Shron was silent for a long moment. His hands were trembling slightly. When he spoke, his voice was rough.
"He knew. All this time, he knew I'd struggle with this. And he left me an answer."
"He left us a lot of answers." Anvi set the slate down. "Trisha showed me his workshop. He was working on a way to free the consciousnesses inside the Devourers. A Bridge. A stable connection between worlds. He believed it was possible."
Shron's eyes widened. "A Bridge. Not sealing the Gate. Not collapsing both worlds. A third option."

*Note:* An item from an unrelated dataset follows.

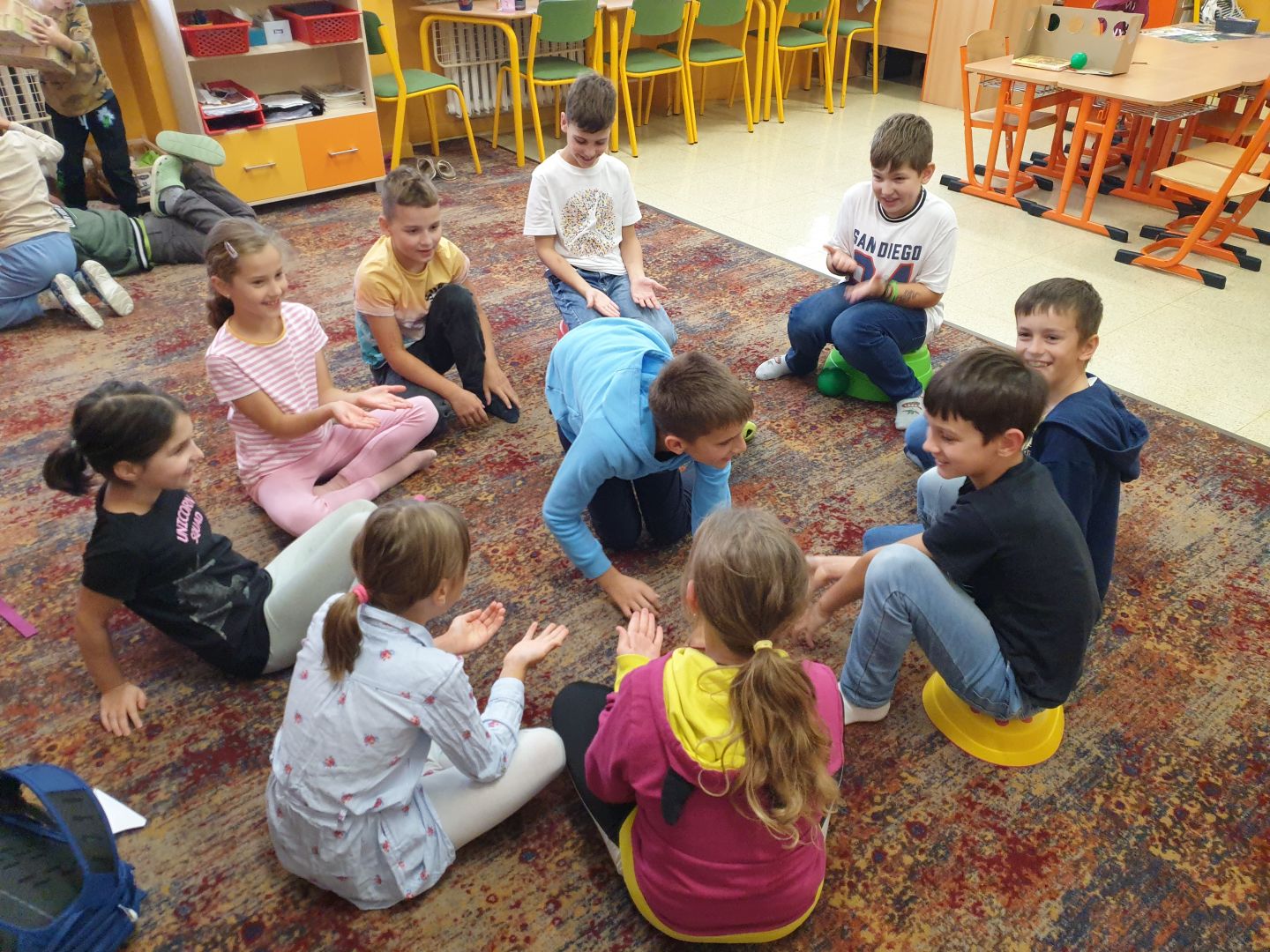 Během měsíce září se nové děti seznamovaly nejen se školní družinou, ale také se všemi ostatními prostory školy a jejím nejbližším okolím. Hned na začátku jsme si v každém oddělení stanovili pravidla, která nám pomohou udržet pozitivní a respektující prostředí. Děti měly samy možnost přispět k těmto pravidlům svými nápady, což byl důležitý krok, aby se cítily jako součást týmu.

"He almost finished it. The research is all there. He just ran out of time." She took his hand. "But we haven't. We can finish what he started. Free the trapped souls. Stop the Two Fathers. And maybe... maybe build something new. Something better."
Shron stared at their joined hands. Then at her face.
"You believe we can do this."
"I believe we have to try."
He was quiet for a moment. Then he squeezed her hand.
"Okay. Show me the workshop. Show me what Vyun left behind. And then we start planning."
Anvi smiled. "First, you eat something. Trisha made soup. Real soup. I don't know how, but she did."
"Soup sounds good."
They sat together in the quiet room, eating soup that tasted like home, while somewhere below them the first Devourer whispered in its cage and somewhere above them the red sky flickered with approaching storm.
The war was far from over.
But for the first time, they had a path forward. A third option. A Bridge.
And they had each other.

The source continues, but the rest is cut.